In her ambition, her fortitude and her love for her family, Elizabeth Macarthur was just like these other strong, intelligent and successful women. She is interesting not because she was some sort of paragon but because she was, in fact, so very typical. Yet I have discovered that although Elizabeth is one of the few women who are regularly mentioned in the history books, she has routinely been portrayed in a way that belies her energy, humour and practical actions. “Little can I tell you how much I have missed the dear old lady,” her daughter-in-law Emily wrote to an aunt in England, months after Elizabeth died at the age of eighty-three. And that image of Elizabeth Macarthur, as genteel lady, as muse to John Macarthur’s genius or, erroneously, as some sort of social-climbing society matron has somehow been the picture that has endured in the Australian historical imagination.

Our understanding of Elizabeth Macarthur is shaped by the wealth of material made available to us by her descendants. The Macarthur Papers, housed in Sydney’s Mitchell Library, amount to some 450 volumes, along with boxes, maps and plans. As a result of digitisation, some are now accessible online. In basic terms, we simply know more about Elizabeth and her family than we do about her female farming peers. But Elizabeth’s descendants also (and not entirely without self-interest) set about publicly memorialising John Macarthur in a way that firmly established him as the father of the Australian wool industry.

It is crucial to understand that — apart from Elizabeth’s journal recording her 1790 voyage to New South Wales — the letters available to us are excerpts and transcriptions, painstakingly copied out by Elizabeth’s son Edward and her daughter Emmeline. We cannot know the extent to which they edited their mother’s words, or censored them. A selection of John and Elizabeth’s letters was published as early as 1914 in a collection edited by Elizabeth’s great-granddaughter Sibella, but a comparison of the letters in the book with even a few of the “originals” reveals changes in word order and missing sentences. And is it significant that, with a single benign exception, none of Elizabeth’s letters to her husband survived? Did John read and immediately destroy them? Or was it their children who did that, all too keen to remove any evidence that their mother might not have been entirely satisfied with her lot.

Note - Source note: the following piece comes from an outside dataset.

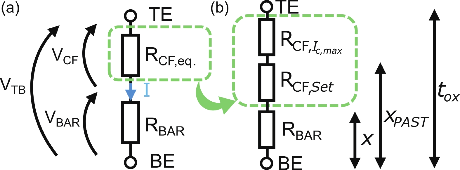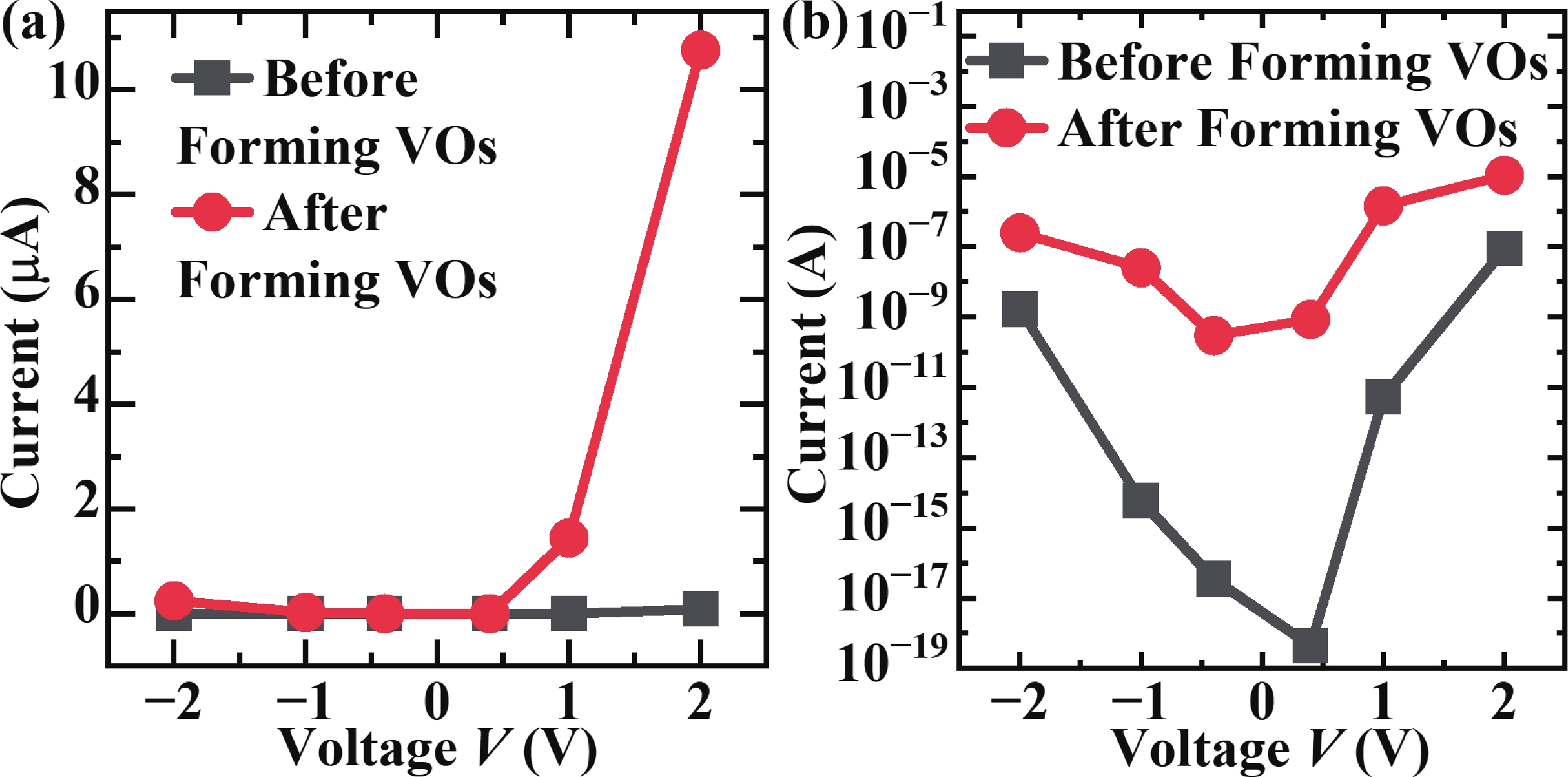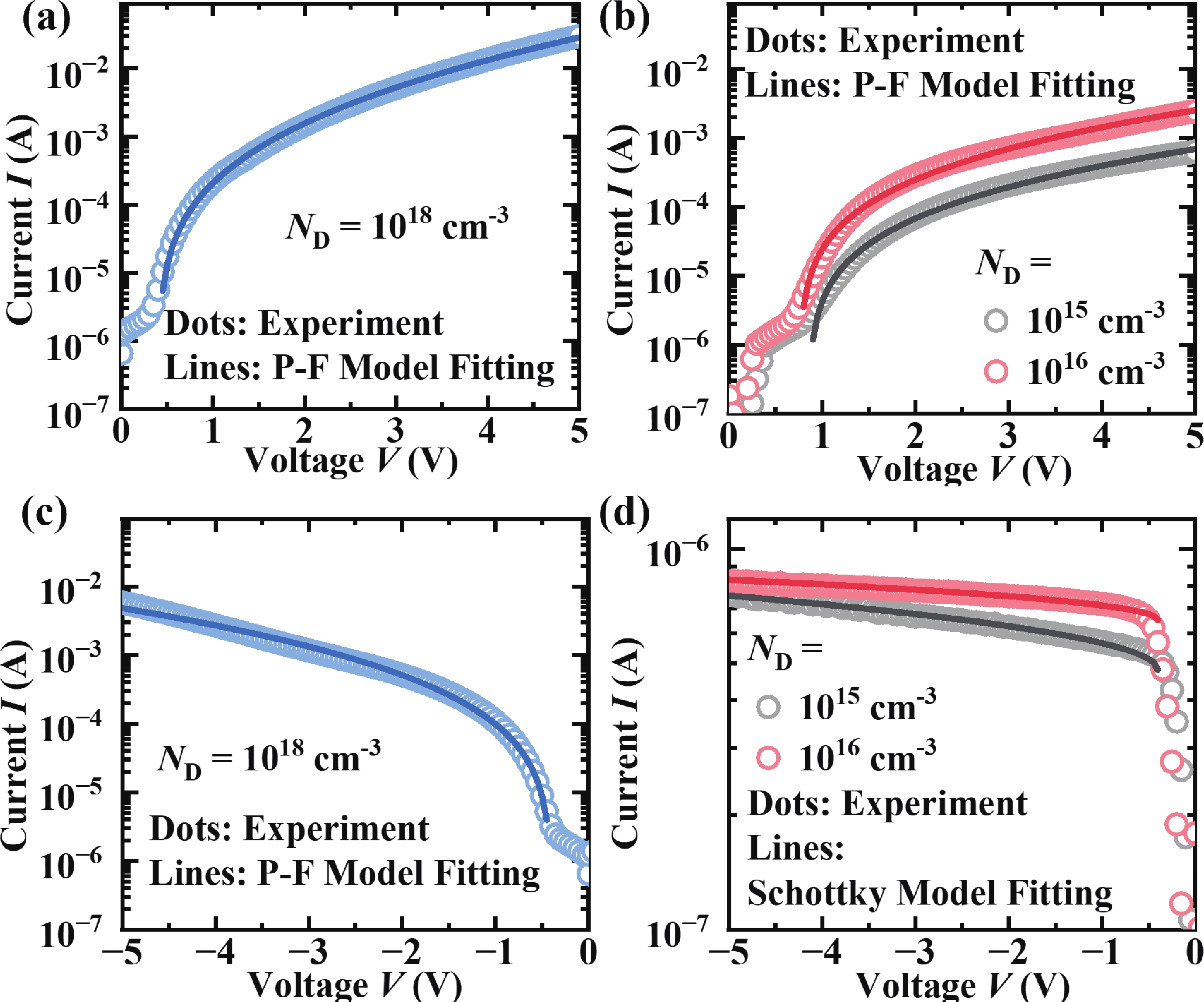 In this work, the oxide-based programmable diodes (PDs) with structure of TiN/HfO2/Si/Al are fabricated, and its electron transport mechanisms are investigated. Electrical measurements results depicted that the conduction and rectification performance of oxide-based PDs are mainly controlled by the interface between oxygen vacancies (VOs) consisted filament and semiconductor electrode. The local density of state in filament and band-bending of the PDs are calculated by first-principal simulation. The electron transport in oxide PDs is dominated by Poole−Frenkel emission under forward bias, while under negative bias, the PDs behave like a reverse Schottky-diode. These mechanisms research is necessary for device optimization and circuit design of oxide-based PDs.

The fact that Elizabeth’s existing letters are, with few exceptions, uniformly positive and cheery may reflect family censorship but may equally have been a result of self-censorship and a reflection of the circumscribed nature of women’s letters. Elizabeth expected her correspondence to be widely read, at least within the family, and so did not necessarily consider her letters private documents. We can only be grateful, however, that such a trove exists. In her constant letter-writing, Elizabeth has left us quite a legacy, but it is not, of course, her only one.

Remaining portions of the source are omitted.